Hamedi, die für die Zeitung "Schargh" arbeitet, wurde am 20. September festgenommen, nachdem sie das Krankenhaus besucht hatte, in das Amini nach ihrer Festnahme durch die iranische Sittenpolizei eingeliefert worden war. Die 22-jährige Kurdin war wegen eines angeblichen Verstoßes gegen die strikte islamische Kleiderordnung festgenommen worden. Ihr Tod löste monatelange landesweite Proteste aus.

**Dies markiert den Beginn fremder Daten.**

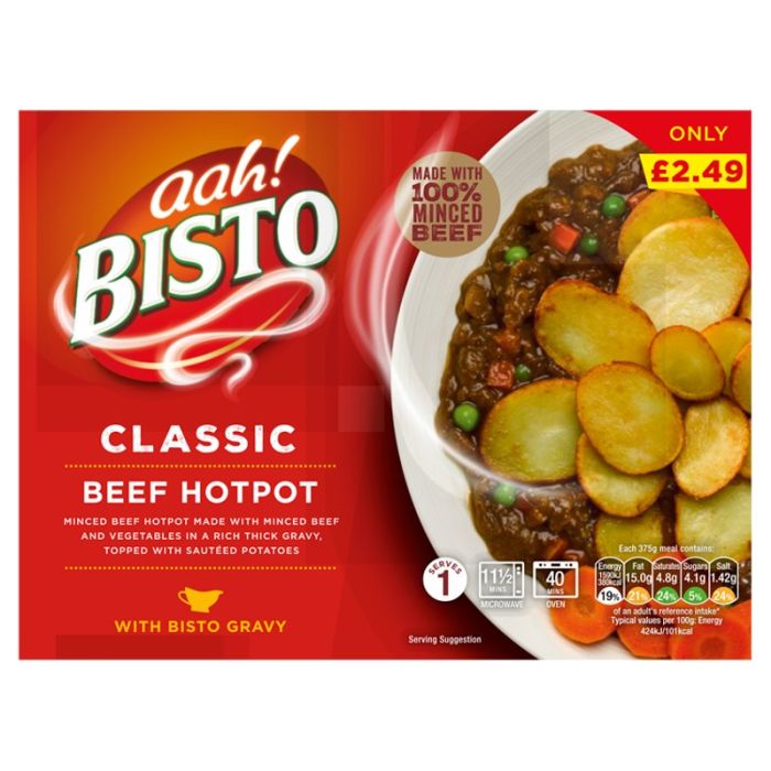 Bisto Classic Beef Hotpot made with minced beef and vegetables in a rich thick gravy, topped with sautéed potatoes. 11 1/2 Mins Microwave. 40 Mins Oven. Made with 100% Minced Beef.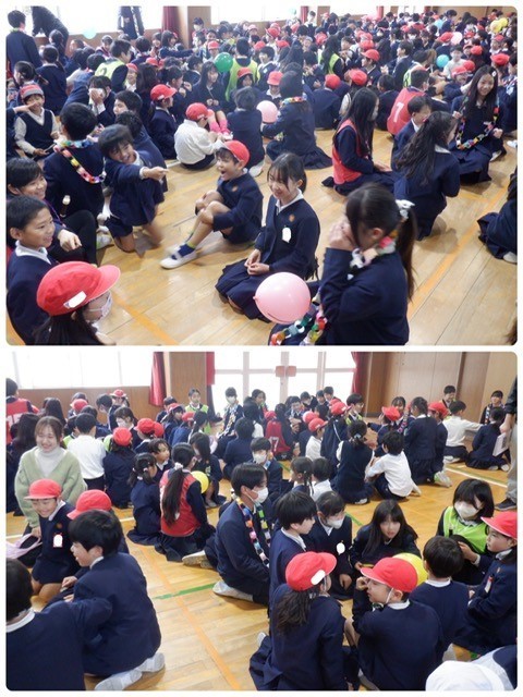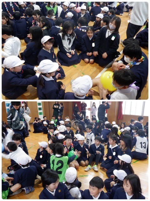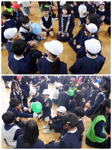 「みんなであそぼう」は爆弾ゲーム。しりとりやマジカルバナナをしながら風船をまわし、曲が止まったときに風船を持っている人がメッセージを伝えます。在校生は6年生に、6年生は在校生に。照れながらも「ありがとう」のメッセージがあふれました。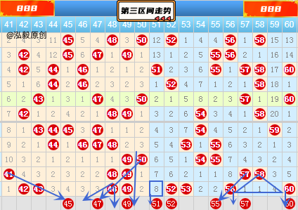 该区间近期都是比较热的,走冷一期的情况估计还得过2两期之后,所以本期我们可以在该区间好好作战一下。该区间我们需要注意的就是连号48 49和52 53的落号,这里应该会有一个号码落下来,首先可以放弃48号落号的可能了,剩余的号码就不在这里分析了。该区间还需要注意的一点就是56 58 60号形成的三角形了,角重号我们必须要重点考虑的。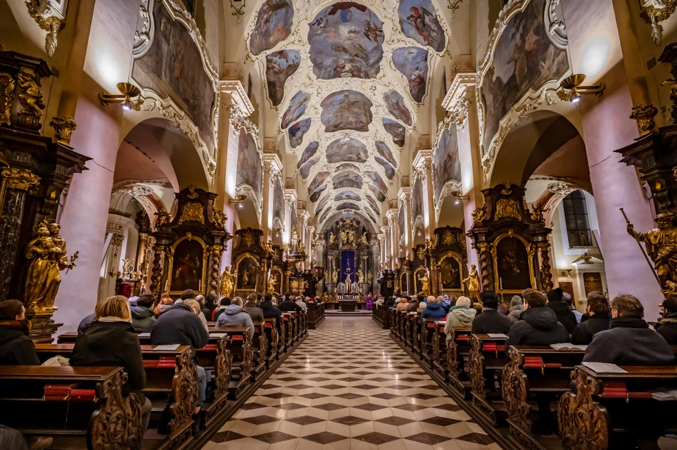 Übersicht Über den Ort Der Kern der Kirche inmitten des Prämonstratenser-Klosters am Strahov ist eine romanische Basilika mit einem gotischen Seitenschiff und zwei Renaissance-Türmen, die barock hergerichtet sind. Die heutige barocke Gestalt hat die Kirche in den Jahren 1742—1758 erhalten. An den Wänden des Hauptschiffs befinden sich in den Kartuschen Fresken mit Szenen aus dem Leben des Heiligen Norbert, des Gründers des Ordens. Mehr zum Ort Regelmäßige römisch-katholische Gottesdienste: Mo—Sa 7:15, 18:00 So: 10:00; 18:00 Besichtigungen des Inneren der Kirche nur auf vorherige Anfrage (tagsüber ist die Kirche außerhalb der Messezeiten gewöhnlich geschlossen) Konzerte klassischer Musik Geschichte Die Kirche Mariä Himmelfahrt ist im Kern eine romanische Dreischiffbasilika mit einem gotischen im Jahre 1627 verlängerten Querschiff und mit einem Renaissancepresbyterium. Die Kirche entstand im 3. Viertel des 12. Jahrhunderts. In den Jahren 1258—1263 gewann sie ihre gotische Gestalt, die ganze Jahrhunderte überdauerte. Die historische Untersuchung in den 50er Jahren des 20. Jahrhunderts erwies weder einen vernichtenden Brand im 13. Jahrhundert noch eine Zerstörung in den Hussitenzeiten. In den Jahren 1601—1605 kam es unter dem Abt Lohelius zum Renaissanceumbau, dessen Autor offenbar G. Bossi de Campione ist. Nach der Beschädigung durch den Beschuss und das Geschützfeuer wurden im Jahre 1742 spätbarocke Umgestaltungen an der Kirchenfrontseite (T. Haffenecker, A. Lurago, bildhauerische Ausschmückung Johann Anton Quittainer) sowie im Innenraum vorgenommen: Fresken aus dem Leben des Hl. Norbert und Erscheinungen aus dem Leben der Jungfrau Maria vom schlesischen Maler Wilhelm Neuenherz (1743). Für die Stuckverzierung sorgte Johann Ignaz Palliardi, der Hauptaltar sowie 10 Seitenaltäre wurden vom bekannten Prager Steinmetz Josef Lauermann (1769) geschaffen. Die Skulpturen des Hauptaltars machte Ignaz Platzer, die Skulpturen der Seitenaltäre J. A. Quittainer. Die Altargemälde malten überwiegend M. Leopold Willmann, F. Xaver Balko und Siard Nosecký. Bereits von Anfang an wurden den Kirchen Kapellen angebaut. Inmitten des Schiffs ist die Kapelle der Jungfrau Maria von Passau (an der Stelle der gotischen Kapelle der heiligen Engel aus dem 14. Jahrhundert). Albrecht von Waldstein ließ sie für den kaiserlichen General Pappenheim und seinen Neffen Berthold bauen, die in der Schlacht bei Lützen fielen. Am Altar ist die Kopie des Jungfrau Maria von Passau Gemäldes und an der Decke die Freske „Schlacht bei Lützen“ von Siard Nosecký. Auf der Gegenseite der Kirche ist die größere ursprünglich gotische Kapelle der Heiligen Ursula. Sie hat den Altar der Heiligen Ursula und den Altar des Heiligen Norberts, des Gründers des Prämonstratenser-Ordens und des Landesschirmherren, dessen sterbliche Überreste auf Strahov vom Magdeburger Prämonstratenserklosters im Jahre 1627 überstellt wurden und in dieser Kapelle beigesetzt sind. In der Kirche wurden 1174 auch ihr Mitgründer Wladislaus II. und vorher seine Frau Gertrude, genauso wie der andere Mitgründer Jindřich Zdík (verstorben 1150) beigesetzt. Bei der archäologischen Untersuchung wurden ihre Gräber jedoch nicht gefunden. In der Kirche waren berühmte Orgelspieler wie Jan Křtitel Kuchař und Robert Führer tätig. Im Jahre 1787 spielte hier W. A. Mozart seine Orgelimprovisationen. Die Originalorgel wurde nach 1900 durch eine andere ersetzt. Der Papst Johannes Paul II. erteilte der Maria Himmelfahrt Abteikirche den Titel Basilica minor (kleinere Basilika). Die Beförderungsfeier fand am 1. und 2. Februar 1992 statt.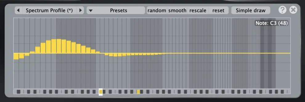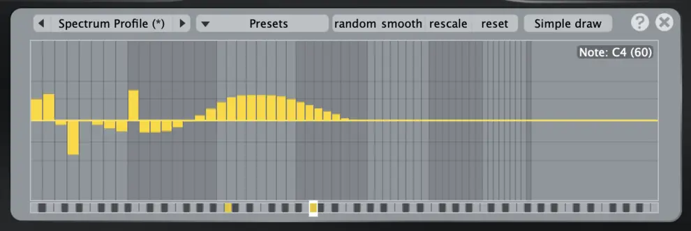 커브의 윤곽은 핸들로 조절하며, 이 핸들은 제어 노트에 붙어 있음. 제어 노트는 그래프 아래 컨트롤 레일을 더블 클릭해 추가하거나 삭제함. 한 번 만든 제어 노트 구조는 Spectrum profile을 제외한 모든 파라미터에 그대로 적용됨.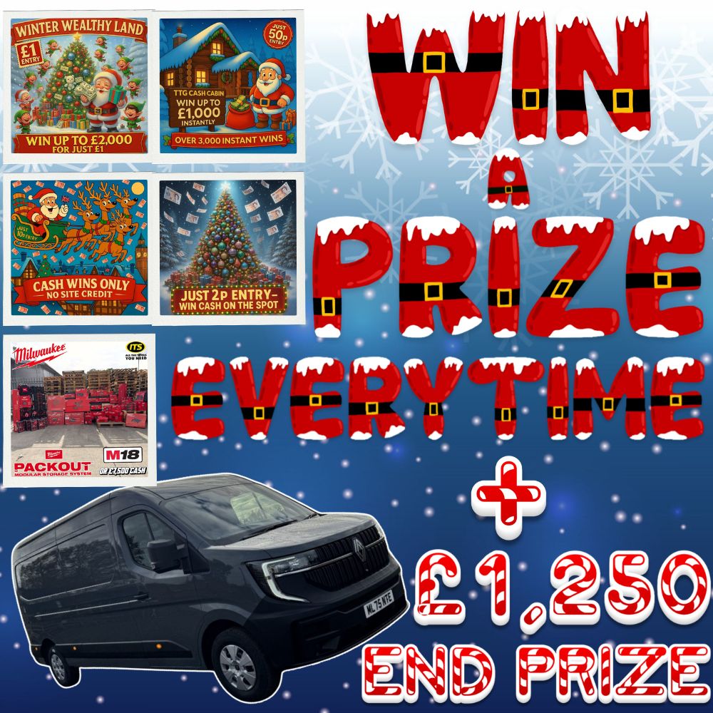 This competition is open to UK residents aged 18 or over. You may enter this competition up to 7500 times. You will be randomly allocated ticket number(s) when ordering and will receive an email confirmation. The total amount of tickets for this competition is (149999). If all tickets do not sell out, the draw will happen on December 19, 2025 regardless. You must answer the competition question correctly to be entered into the live draw. Incorrect entries will not be notified or entered into the live draw. You may enter the competition online, or for free by post by sending your entry to Trade Tool Giveaways on a postcard. You must have an account on Trade Tool Giveaways for your entry to be processed. All details on your entry MUST correspond to the details on your account to receive the order confirmation and ticket number. Postal entries received without a registered account cannot be processed. The live draw will take place on Trade Tool Giveaways Facebook page using Google’s random number generator to select the winning ticket number from all Entrants. This competition is in no way sponsored, endorsed, administered by or associated with Facebook, Apple or Google. By entering the competitions, Entrants agree that neither Facebook, Apple nor Google have any liability and are not responsible for the administration or promotion of this competition.
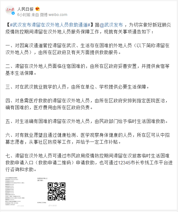 据@武汉发布 ,为切实做好新冠肺炎疫情防控期间滞留在汉外地人员服务保障工作,现就有关事项通告如下: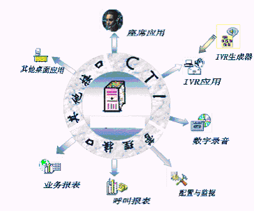投訴建議,錄音留言,語音信箱管理,轉(zhuǎn)有關(guān)部門辦公電話,自動語音服務(wù),人工座席服務(wù),呼出服務(wù)等為一體的客戶服務(wù)軟硬件平臺,充分整合現(xiàn)有資源,建立起對現(xiàn)有計算機技術(shù)支持系統(tǒng)等業(yè)務(wù)系統(tǒng)的(如ERP系統(tǒng),售后服務(wù)系統(tǒng)等)數(shù)據(jù)加工、分析、再應(yīng)用的汽車制造企業(yè)具有基本CRM功能的呼叫中心系統(tǒng)/客戶服務(wù)中心的一體化軟硬件CTI平臺。

In einem separaten Prozess muss sich Hamedis Kollegin Mohammadi vor Gericht verantworten. Die Fotografin der reformorientierten Tageszeitung "Ham Miham" war ebenfalls im September festgenommen worden. Kurz zuvor war sie in Aminis Heimatstadt Sakes in der Provinz Kurdistan gereist, um über deren von Protesten begleitete Beerdigung zu berichten.
Hamedi und Mohammadi waren Anfang Mai gemeinsam mit der ebenfalls inhaftierten preisgekrönten Menschenrechtsaktivistin Narges Mohammadi mit dem Unesco-Preis für Pressefreiheit 2023 ausgezeichnet worden.